Reiterando o apelo feito por Catarina Martins sobre a necessidade de um consenso em torno desta lei, Beatriz Gomes Dias lembra a pergunta que colocou a António Costa no debate do programa de Governo e que visava, precisamente, a disponibilidade para revisitar a lei da nacionalidade.
"O primeiro-ministro disse que a lei precisava de se aproximar à realidade do país e às necessidades do país", nota Beatriz Gomes Dias. "[A lei] já tem avanços significativos, mas é preciso aprofundar mais esses avanços, e essa também foi a resposta que o primeiro-ministro me deu quando fiz essa pergunta", diz apontado que o PS "irá observar a realidade da sociedade portuguesa e verificar que é necessário fazer esta correção, permitir às pessoas que vivem em Portugal, trabalham em Portugal e nasceram em Portugal, que possam ter a nacionalidade portuguesa".

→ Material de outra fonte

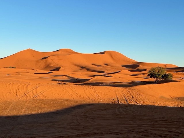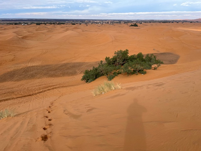 It was 1991 I was last in Morocco and the Sahara, and those days the locals wouldn’t leave tourists alone, to the extent where was unpleasant. Fortunately, in places like Merzouga at least, those days are gone. Those running the businesses have learnt the hard way that visitors don’t respond to being hassled. Litter is still a huge problem around the roadside, but on the campsites, and within the grounds of hotels, the places are impeccable. I based myself behind one of the hotels, as it had the best views of the Erg Chebbi dunes, the main attraction of Merzouga. This is the far western edge of the Sahara, and the most famous of Moroccans ‘ergs’, a sea of red sand dunes which in places, close to where I was, raise two hundred metres in altitude from the desert.

Na altura, António Costa respondeu à deputada do Bloco que foi feita, em 2006, "uma rutura histórica no critério de atribuição da nacionalidade" com a introdução do conceito de jus soli. Falando numa "trajetória muito importante", o primeiro-ministro sublinhou que "é preciso avaliar bem aquilo que queremos e não abrir a porta àquilo que não queremos, não basta fazer uma escala em Portugal para que quem nasça em Portugal seja português, tem de haver um vínculo suficiente com o território nacional".
"O compromisso que assumimos é o de avaliar bem os problemas que existem fruto de entraves burocráticos, fruto de uma deficiente interpretação da lei ou aquilo que exigirá, por ventura, uma efetiva alteração do quadro legislativo", sublinhou António Costa.